I made some progress with https://github.com/davidanthoff/ElectronDisplay.jl (and renamed it). It now supports the vega-lite MIME type out of the box, in the same way that IJulia supports it (if used via jupyterlab or nteract). I plan to add the same type of support to the VS Code extension for julia as well, and then we would just have to convince the Juno folks to also hook into that, and we would have pretty much all display systems covered, right?

I think you raise a really good point about how one can choose the right display... Maybe a solution would be to have another package that provides a convenient API for users to manipulate the display stack? DisplayManager.jl or something like that. It could have functions that provide the kind of rotating you describe etc., but it would not be tied to any specific display implementation. Individual display packages like ElectronDisplay.jl could even reexport its functions, potentially?

Oh, one more thing: I've created a fork of Blink.jl called Electron.jl and am using that. Blink.jl had a pretty involved architecture (lots of web server stuff, always triggered the windows firewall, some integration with Juno etc.), and really I wanted something simpler, with better test coverage etc.

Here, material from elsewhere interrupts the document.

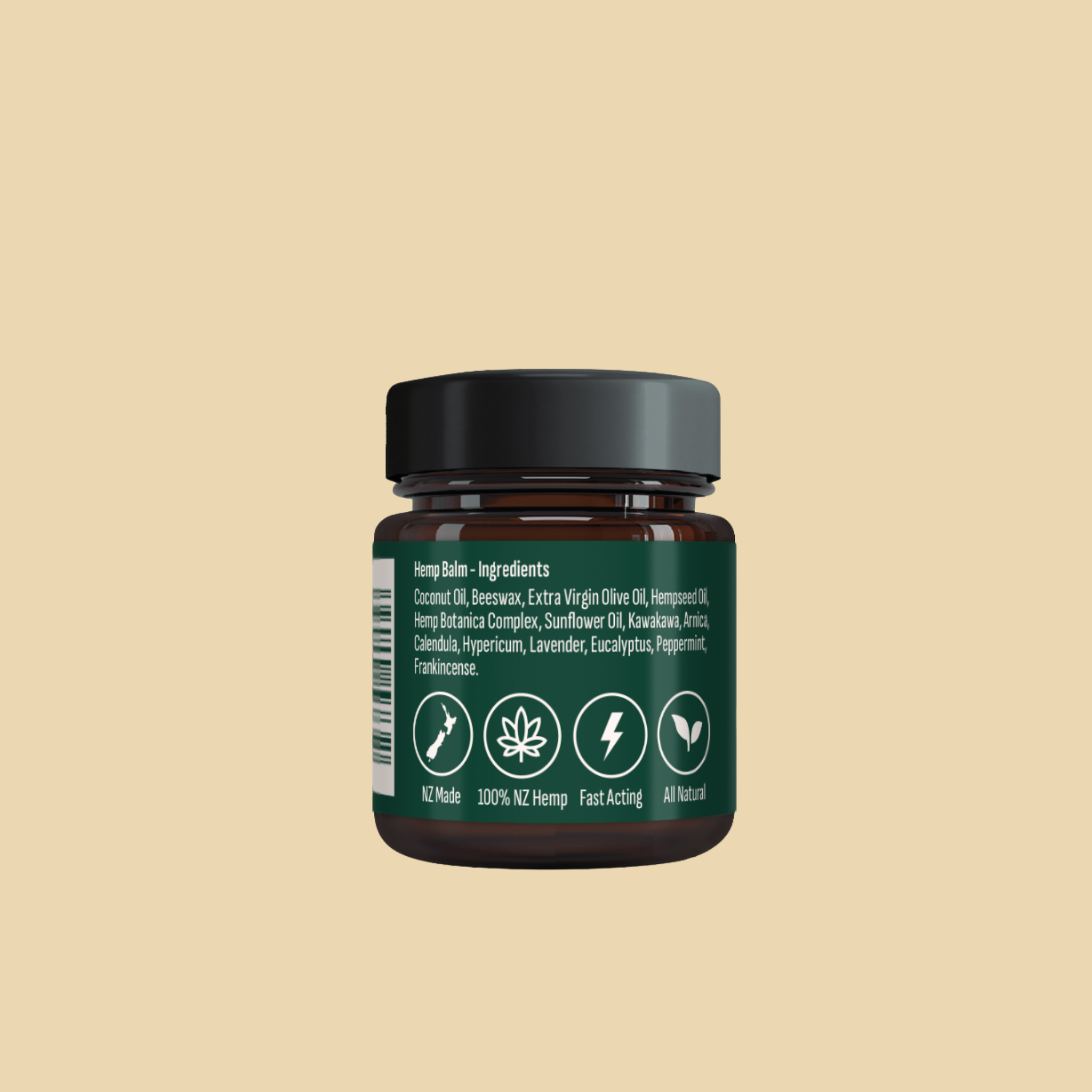 Coconut Oil, Beeswax, Extra Virgin Olive Oil, Hempseed Oil, Hemp Botanica Complex, Sunflower Oil, Kawakawa, Calendula, Arnica, Hypericum, Essential Oils (Lavender, Eucalyptus, Peppermint, Frankincense).

I think one could use Electron.jl to do the offline rendering, but are there actually any problems with the node version? My sense is that it is working pretty reliably? I guess one could get rid of the Cairo/Rsvg dependency for PNG and JPG, but for PDF we would still need it, right? And PDF is probably pretty important... I'm still hoping that Cairo.jl and Rsvg.jl just start to use BinaryProvider.jl, and all of the current installation woes with them will magically go away ;)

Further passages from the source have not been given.